How Armory Uses Makelog to Drive New Feature Adoption from Day One

June 20, 2022Makelog Team

image

For teams that practice CI/CD and ship multiple times a day, waiting weeks to communicate these updates to customers defeats the purpose. After all, if a feature ships and nobody knows about it, did it really ship? You miss out on delivering value to customers sooner, learning which features they’re most excited about, and getting immediate feedback to improve the product.

The reality is most people batch updates because it’s too hard to stay on top of everything as it ships. In this blog post, we’ll show you how Armory uses Makelog for continuous communication, allowing them to communicate value to their customers faster and to drive new feature adoption from day one.

About Armory

Armory helps companies continuously deploy at any scale.

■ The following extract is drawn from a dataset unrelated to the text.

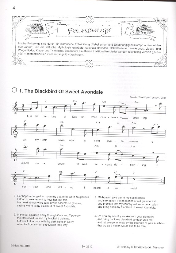 The Blackbird of sweet Avondale Ever the Winds The Cliffs of Dooneen The spanish Lady The dark eyed Sailor Only our Rivers Jack o' Donoghue Song of the Chanter I wish I were on yonder Hill You'll never deceive me again The Bally Desmond Polkas John Ryan's Polka Dennis Murohy's Polka St. Patrick's Day Three Sea Captains The Brosna Slide Cuil Aodha Slide Dingle Regatta Merrily kissed the Quakers Wife U.v.a.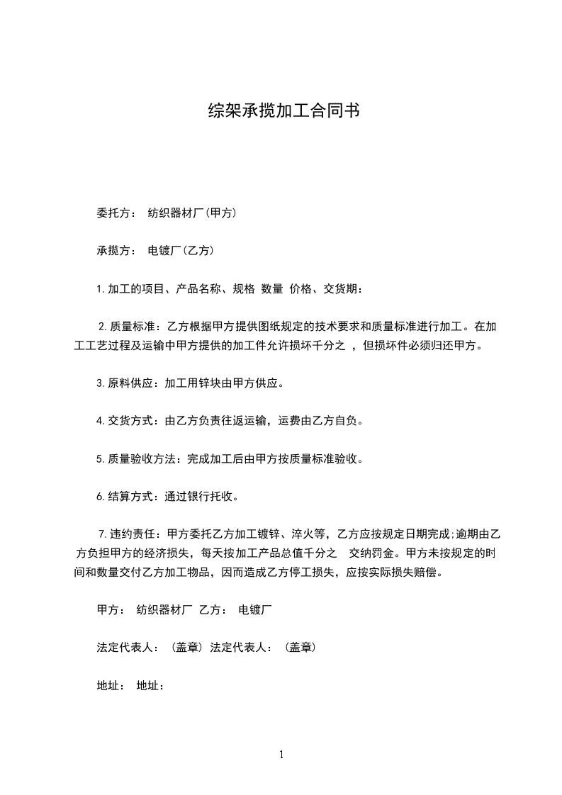 7.违约责任:甲方委托乙方加工镀锌、淬火等,乙方应按规定日期完成;逾期由乙方负担甲方的经济损失,每天按加工产品总值千分之______交纳罚金。甲方未按规定的时间和数量交付乙方加工物品,因而造成乙方停工损失,应按实际损失赔偿。

They use Makelog for their recently announced Armory Continuous Deployments as a Service offering. This offering includes both SaaS components as well as components that require versioned releases. As a practitioner of continuous delivery themselves, Armory ships multiple features across both SaaS and versioned components, often in the same day.

Armory practices continuous delivery, not just of code, but of customer-facing value.

The communication challenges of continuous delivery

Stephen Atwell, Principal Product Manager at Armory, says, “For most of my career, software teams have traditionally shipped features on a much slower cadence – at most, once every couple of weeks. It was always reasonable to have a single version number associated with the customers entire product, and have multiple features associated with that version. But now, my current team is shipping features so quickly that this pattern is no longer true.”

For high velocity product teams, shipping multiple times a day can make it difficult internally and externally to stay on top of everything that ships.

When shipping multiple times per day, teams typically have 3 options:

Option 1: All changes go behind a feature flag, and customers get value more slowly

Option 2: You ship changes faster than you communicate them, causing confusion amongst your users

Option 3: A combination of Options 1 and 2.

While Armory does both, in order to deliver customer value faster, most features are released to all customers within a day of the code reaching production. However, at their velocity, releasing that quickly requires that they also communicate that quickly.

The solution

In order to communicate as continuously as they release, Armory uses Makelog to generate just-in-time release notes to give their customers access to features as quickly as possible.

“With the Inbox, Makelog provides a single pane of glass where I can easily see all PR merges across all ship vehicles. When a PR merges, I’m able to see that PR, along with its associated Jira ticket, and any other PRs that are associated with that same Jira ticket. I can easily see any comments and notes left by the developer, and decide what, if anything, should be communicated.”

Using Makelog Autodraft, Armory automatically drafts a new release note using context from a Jira ticket whenever its associated PR is deployed, streamlining the process even further.

This type is undefined...

Leading with the value, not the version

Using Makelog has helped Armory better connect with their users by communicating value, not versions. Stephen says, “Makelog helped me restructure my release notes. No longer do I lead with what version we are documenting. Now we lead with what change the customer should understand. This helps customers first understand why they should upgrade, and then includes the minimum required version of the customer components in order to leverage this change.”

What Stephen wants every PM to know: “In my first role as a PM, my VP explained that, while engineering provided a list of every change, it was just noise. Our job as PMs is to distill this stream of information down to what our users need to know. If release notes are noisy, they are useless because nobody will read them. If they succinctly communicate only information the user needs, they can be a very powerful tool.”